Material shown below:

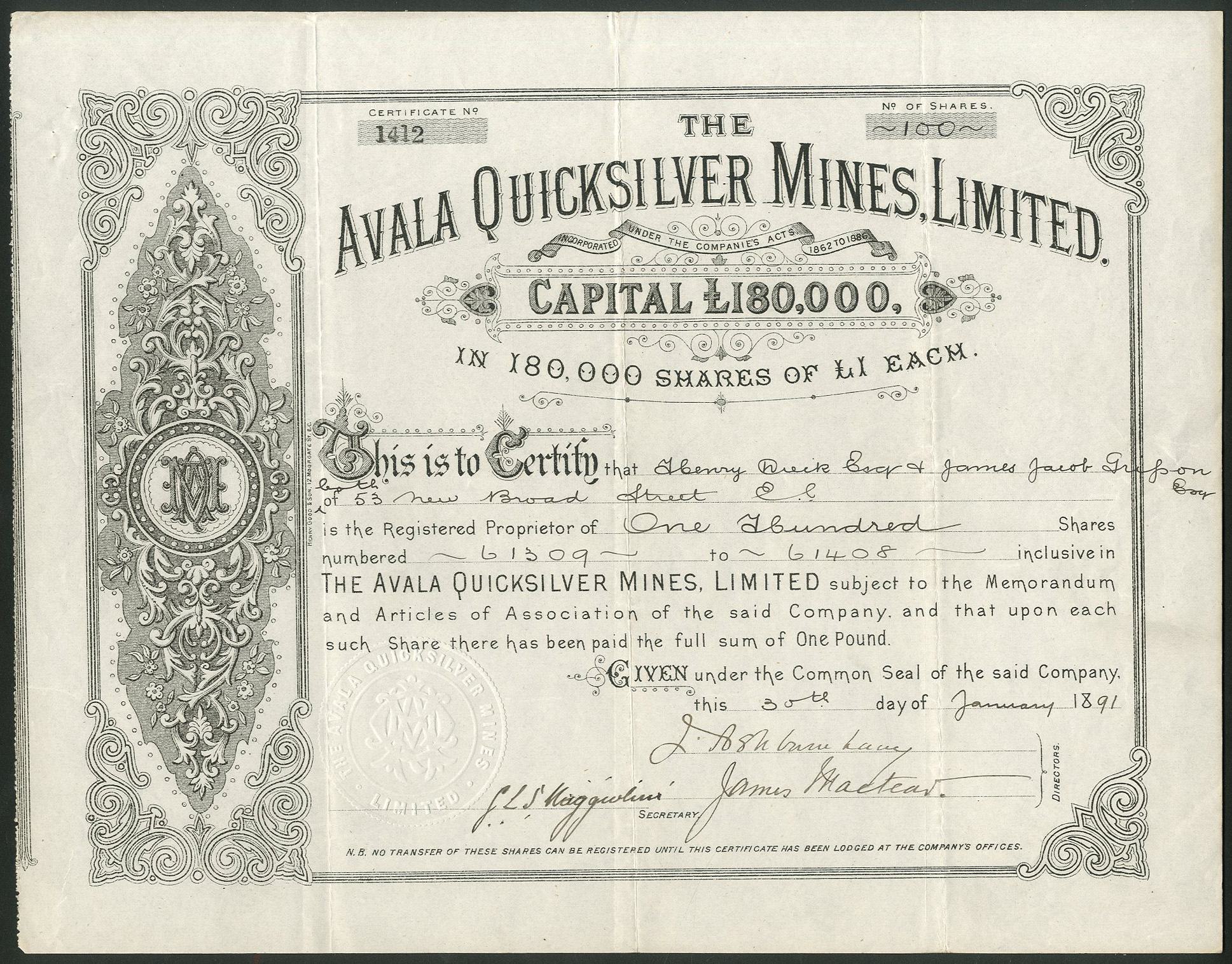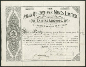 Registered 16th May 1889 to acquire the Avala Quicksilver Mines and Reduction Works and mining rights over 8500 acres at Mount Avala, near Belgrade, Serbia. Despite one of the Serbian vendors agreeing to fund more work at the mine over a 2 year period, the company found itself without further capital and it was wound up 29th December 1894. Company number 28932
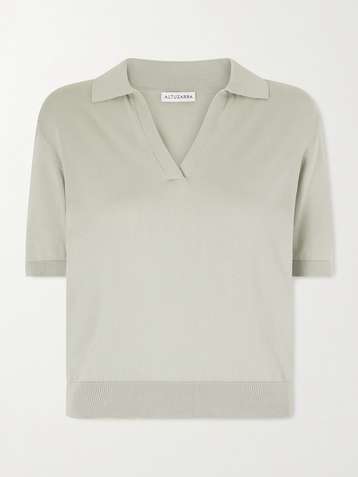 Clay cropped cotton and silk-blend polo shirt
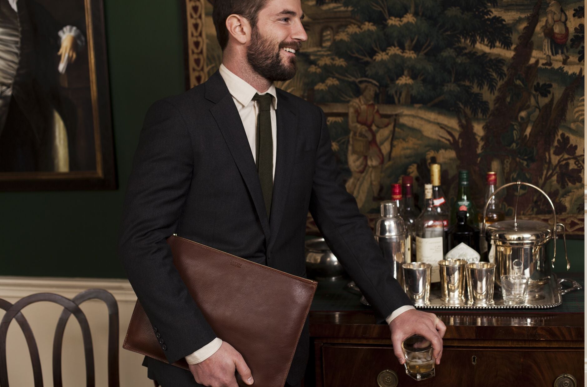 There we put our bags in the hands of the gentleman and the adventurer. Our duffles, briefcases, and portfolios prepare the gentleman for his drive from the country to the city, and our totes are the essential for when he returns for his days of leisure and recreation in the field.
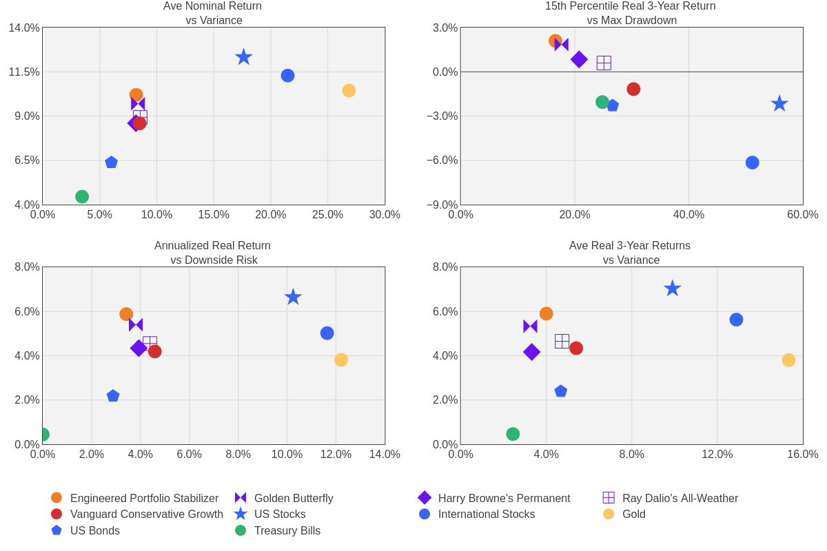 Let’s illustrate this point by plotting the rolling three year annualized real returns (accounting for inflation) of US stocks from 1972 (first data point in 1974) through the end of 2024. We’ll compare this to treasury bills (cash), and I’ve introduced two other lines: Ray Dalio’s All-Weather portfolio, and what I’m calling the “Engineered Portfolio Stabilizer.” Notice that most often the blue line (US stocks) outperforms the orange (Engineered Portfolio Stabilizer) and purple (All-Weather), but not always. And when stocks do poorly, they have done quite poorly, generating in excess of 10% annualized losses for three years in a row. Meanwhile the orange and purple generally stayed steady through those downturns. The time series plot is useful, but next up we’ll plot a bunch of performance vs risk metrics!
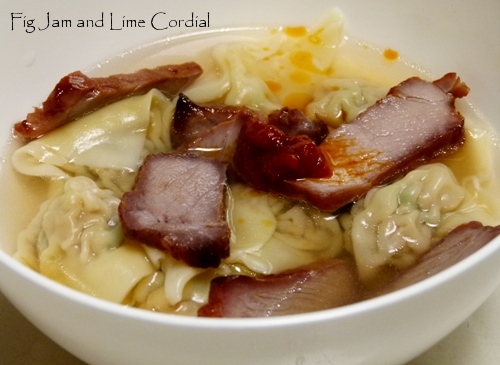 Later that day, I needed a late lunch. I took a container of treasured Burrawong Gaian chicken stock and a handful of homemade wontons out of the freezer. The stock was defrosted in a small pan, while the wontons were boiled for ten minutes in a separate saucepan of water. Once cooked, the dumplings were added to the stock along with the sliced char siu, and lunch was ready.

End of Material shown.

* [Work instruction]: Begin at the first line of the material and copy each line exactly through the one containing "There we put". Omit pictures.

* [Problem solution]:
 Registered 16th May 1889 to acquire the Avala Quicksilver Mines and Reduction Works and mining rights over 8500 acres at Mount Avala, near Belgrade, Serbia. Despite one of the Serbian vendors agreeing to fund more work at the mine over a 2 year period, the company found itself without further capital and it was wound up 29th December 1894. Company number 28932
 Clay cropped cotton and silk-blend polo shirt
 There we put our bags in the hands of the gentleman and the adventurer. Our duffles, briefcases, and portfolios prepare the gentleman for his drive from the country to the city, and our totes are the essential for when he returns for his days of leisure and recreation in the field.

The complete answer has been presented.